Investigative journalist Seymour Hersh has a second fascinating essay that rewrites the official record of the sarin gas attack on Ghouta, near Damascus, in August last year. As usual, Hersh uses his sources in the US security establishment to throw light on what really took place. The bottom line: Turkey was almost certainly the party responsible for the attack, hoping it would force Obama to honour his threatened “red line” if Assad used chemical weapons. Was the Assad regime to be brought down by a US military campaign, Turkey assumed it would be able to turn Syria into a client state.
Like the earlier article, this one will probably gain very little attention. It is published in the obscure UK literary publication the London Review of Books. Presumably like last time, Hersh could not find a mainstream publication willing to take it – and I’m guessing that, like last time, these stunningly important revelations will be shunned by the liberal media. Instead, it will be consigned to the memory hole, along with so much other evidence of western crimes against humanity. Pundits and analysts will continue to tell us confidently that Assad carried out the Ghouta attack, oblivious to Hersh’s findings.
The reason the New York Times, the Washington Post and the Guardian have been studiously ignoring Hersh’s investigations on this, it seems to me, is that they show the Obama administration’s foreign policy is just as criminal as the previous Bush White House’s.
Here is a summary of Hersh’s main findings:
* Obama’s sudden climbdown on his threatened military strike against Assad was in part forced on him by a chemical analysis of samples of the sarin used in Ghouta, which showed that its signature did not match that of the stockpiles held by the Assad regime.

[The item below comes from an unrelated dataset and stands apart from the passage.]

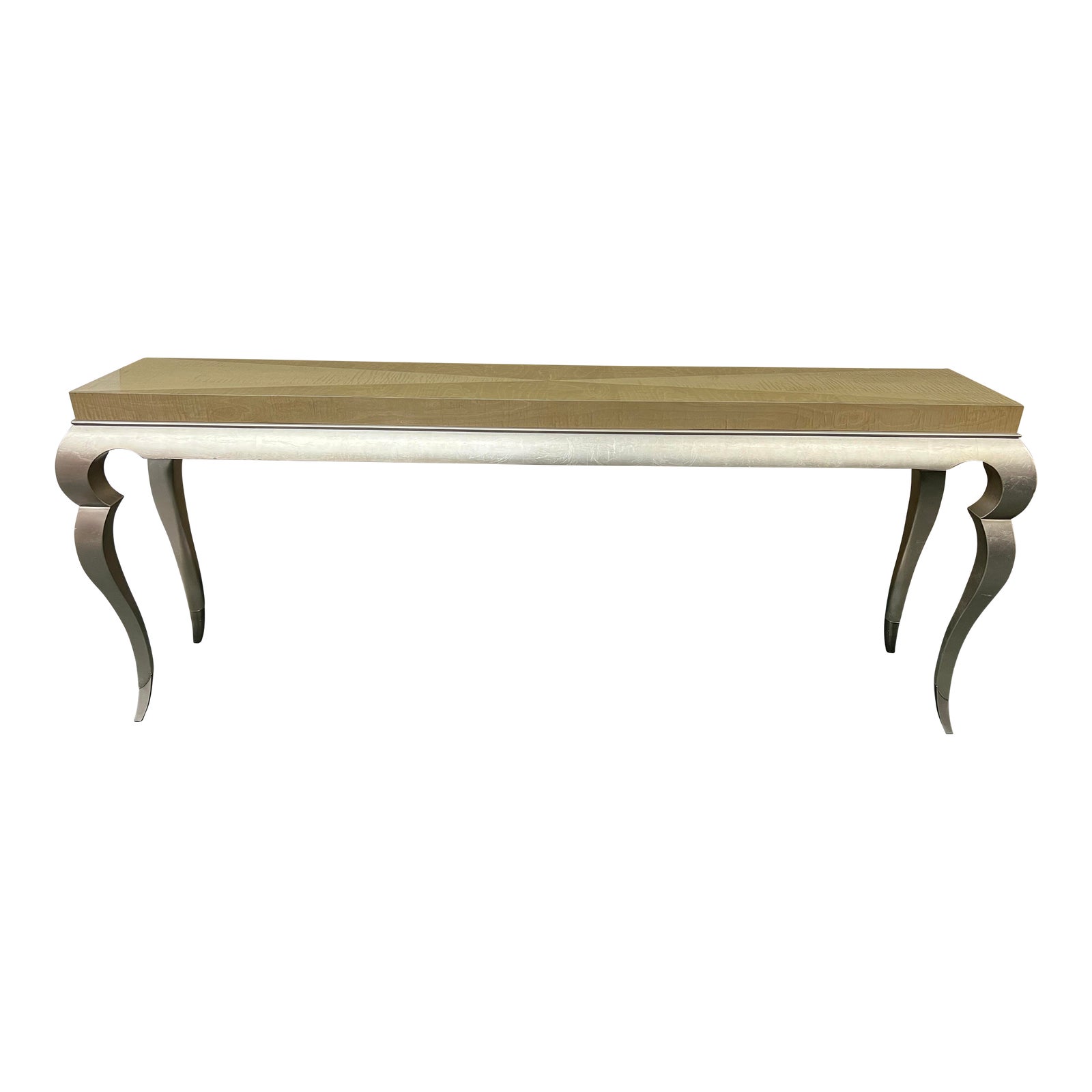 Design Plus Gallery presents a Caracole She’s Got Legs Console Table. Classic French silhouette is modernized with the signature Caracole touch with a mixture of organic and luxurious finishes. Top is inlaid with a thick maple veneer showcasing a subtle wood grain in a champagne finish. Silver leaf detailing accents the legs and apron. Cabriole inspired saber legs are capped with silver feet. There is visible + minor wear from usage , console is in good condition. Frame and legs are mixed with birch and pine.

* Despite US claims, the White House knew that the Syrian rebels had developed chemical weapons production facilities. UN investigators thought the Syrian opposition were the most likely culprits behind earlier chemical weapons attacks, in April and May 2013.
The American and British intelligence communities had been aware since the spring of 2013 that some rebel units in Syria were developing chemical weapons. On 20 June analysts for the US Defense Intelligence Agency issued a highly classified five-page ‘talking points’ briefing for the DIA’s deputy director, David Shedd, which stated that al-Nusra maintained a sarin production cell.
* The military strike being prepared by the White House after the Ghouta attack was, far from small-scale, as secretary of state John Kerry intimated, modelled on the shock and awe campaign against Saddam Hussein.
Under White House pressure, the US attack plan evolved into ‘a monster strike’: two wings of B-52 bombers were shifted to airbases close to Syria, and navy submarines and ships equipped with Tomahawk missiles were deployed. ‘Every day the target list was getting longer,’ the former intelligence official told me. … The new target list was meant to ‘completely eradicate any military capabilities Assad had’, the former intelligence official said. The core targets included electric power grids, oil and gas depots, all known logistic and weapons depots, all known command and control facilities, and all known military and intelligence buildings.
* The US developed a back channel of weapons-smuggling to the Syrian rebels, known as the rat line, in cooperation with Turkey, Saudi Arabia and Qatar, using the “liberated” arsenals from Libya following the west’s ousting of Gaddafi.
The rat line, authorised in early 2012, was used to funnel weapons and ammunition from Libya via southern Turkey and across the Syrian border to the opposition. Many of those in Syria who ultimately received the weapons were jihadists, some of them affiliated with al-Qaida. … By the terms of the agreement, funding came from Turkey, as well as Saudi Arabia and Qatar; the CIA, with the support of MI6, was responsible for getting arms from Gaddafi’s arsenals into Syria. … The operation was run by David Petraeus, the CIA director who would soon resign when it became known he was having an affair with his biographer.
* The job of the US consulate in Libya – the one where ambassador Christopher Stevens was killed – was to provide logistical assistance with the rat line. That was the reason the consulate was attacked.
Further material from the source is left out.